Right now though my focus is elsewhere, but (lack of) discoverability is definitely on my mind, as I do think many users are missing a lot of powerful features / workflows, especially with stuff “hidden” away in the bundles.
On that note, while I have never been satisfied with the bundle editor of TextMate 2, it has recently become obvious to me that it affects my own motivation to fix/improve bundle items: This definitely needs to improve.
On 16 May 2020, at 03:07, Allan Odgaard mailinglist@textmate.org wrote:
For keyboard shortcuts though, I think the aim should be to have them present somewhere, not as “tips”
There’s some blank space to the right of the "options” block of the ⇧⌘F window. Could append the key to the label: Regular Expression (⌥⌘R) Ignore Whitespace Ignore Case (⌥⌘C) Wrap around (⌥⌘A)
(but honestly, a tool-tip is the way to go: the user never accidentally hovers over buttons, and hover-to-learn is instantly memorable without cluttering the display)
For example if you open the pop-up menus in the Find window, you see several convenient keys, like the “in” pop-up menu show ⌘F / ⇧⌘F to toggle between document/folder search, ⌘[ for [back in] “recent places”, ⌘↑ for “enclosing folder”, and the action pop-up show ⌥⌘1 to collapse/expand all results (same shortcut as collapsing foldings), ⌘1-⌘n to jump to the n’th file in folder search results, and the Edit → Find menu show the keys for toggling find options, and ⌥⌘F for “Find All” (using that with a document search will show all results in the find dialog’s list view).
All that information would fit nicely in a “tips" file, which could be added as a 4th column in the "Textmate:About Textmate” window.
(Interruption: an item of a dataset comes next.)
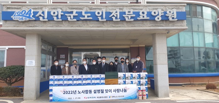 [전남=프레스뉴스] 강래성 기자= 신안군은 지난 27일, 한국전력공사 해상풍력사업단(단장 김종화) 및 본사지부(위원장 김강정, 김성록)에서 설명절을 앞두고 신안지역 사회 취약계층에 대한 사랑나눔을 위해 노인요양시설, 장애인거주시설 및 아동양육시설을 대상으로 5백만원 상당의 신안군수협 특산품을 구매하여 전달하였다고 밝혔다.

If it was a git markdown file, it could also be maintained/updated by users.
Though currently there is still lack of discoverability in how to use some of the features, for example the “Copy Matching Parts” can be extremely useful, but I reckon many users are probably unaware of it, and doing regular expression searches allow some pretty powerful replacements with TextMate’s replacement format string (which allow substitutions in matched parts), or when it is useful to use ⌘E with multiple selections before doing a search, etc.
But for this, I think we need screencasts to show workflows, not just put up a tip.
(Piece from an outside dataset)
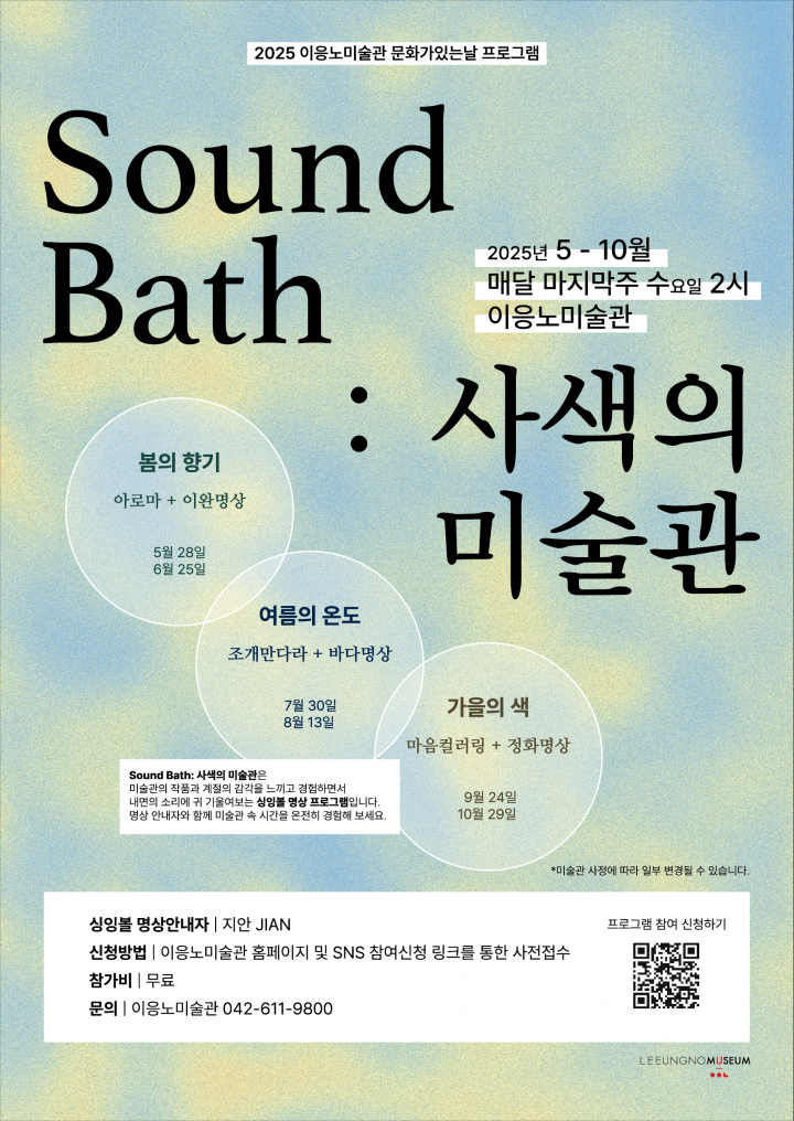 [대전타임뉴스=홍대인 기자] 대전고암미술문화재단 이응노미술관(대표이사·관장 이갑재)이 5월부터 10월까지 매월 마지막 주 수요일에 일반 시민을 위한 문화 치유 프로그램인 〈Sound Bath: 사색의 미술관〉을 운영한다. 본 프로그램은 ‘2025 문화가 있는 날’ 사업의 일환으로, 예술과 명상을 결합한 특별한 미술 교육 프로그램이다. ‘Sound Bath: 사색의 미술관’은 계절의 감각을 주제로 아로마, 오브제 작업, 색채 표현 등 다양한 감각 활동과 함께 싱잉볼과 오션드럼 등 명상 도구를 활용한 사운드 명상을 통해 시민들이 내면의 소리에 집중하고 감정을 치유할 수 있도록 구성됐다. 이 프로그램은 계절별 테마를 중심으로 다음과 같이 진행된다. ▲봄(5월 28일·6월 25일) : ‘봄의 향기’를 주제로 아로마 오일을 직접 제작하고 싱잉볼 소리와 함께 이완 명상을 진행▲여름(7월 30일·8월 13일) : ‘여름의 온도’를 주제로 조개 오브제로 만다라를 만들고 오션드럼 소리와 함께 바다 명상 체험▲가을(9월 24일·10월 29일) : ‘가을의 색’을 주제로 손가락으로 색을 표현하며 내면 감정을 그려보고 정화 명상을 통해 감정 정리 각 회차는 오후 2시부터 4시까지 총 2시간 동안 운영되며, 이응노미술관 상설전 《이응노, 문자로 엮은 추상》에 대한 도슨트 전시 해설(30분)과 본 프로그램(90분)으로 구성된다. 교육은 미술관 전시장과 야외잔디마당에서 번갈아 진행된다. 8월은 미술관 휴관 일정에 따라 8월 13일(수요일)로 조정된다. 이갑재 관장은 “현대인의 지친 일상 속에서 예술이 주는 감각적 경험과 명상의 만남은 몸과 마음을 치유하는 소중한 기회가 될 것"이라며 “시민 누구나 예술로 삶을 재충전하는 자리가 되길 바란다"고 밝혔다. 참가는 사전 신청을 통해 가능하며, 참가비는 무료다. 회당 정원은 15명으로 제한되며, 이응노미술관 홈페이지([www.leeungnomuseum.or.kr](http://www.leeungnomuseum.or.kr)) 및 공식 SNS(인스타그램) 참여 링크를 통해 신청할 수 있다.

Agreed: Those are complex ideas and a screencast would be great!… I’ve been intrigued reading these options, but saw no way to discover they are or how they would be useful. Perhaps offer a $100 prize for the best screencast uploaded to youtube or similar, and using everything in the find window, inc. arcana like "Copy matching Parts” etc. If one is shy: screencasts with sub titles work nicely and don’t require voice over/synching.
So what I have been thinking about is to re-introduce the tip of the day, but with embedded videos.
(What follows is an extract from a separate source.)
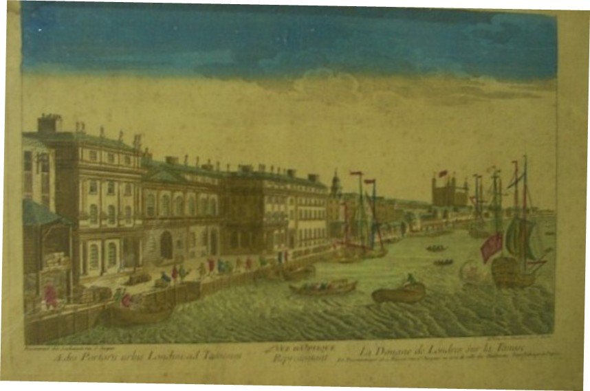 Stampa a colori di cm. 29,5 x 52,5 ca., raffigurante alcuni palazzi, una parte di porto sul Tamigi, alcune barche agli ormeggi o in fase di attracco e diversi personaggi in costumi d'epoca. La stampa è già montata su cornice moderna.

Feels like two projects here, One “perfect" (textmate video channel with 100s of items) the other merely useful (4th column called “tips” after the About, Changes, Bundles tabs in the about box which shows up on each new beta.)
On that note, while I have never been satisfied with the bundle editor of TextMate 2, it has recently become obvious to me that it affects my own motivation to fix/improve bundle items: This definitely needs to improve.
Three cheers! LOVE to see this happen! Even the ability to drag items instead of editing UUIDs in plists would be massive!
PS: using the cmd-[ shortcut in the find dialog > 20 times a day! big time saver.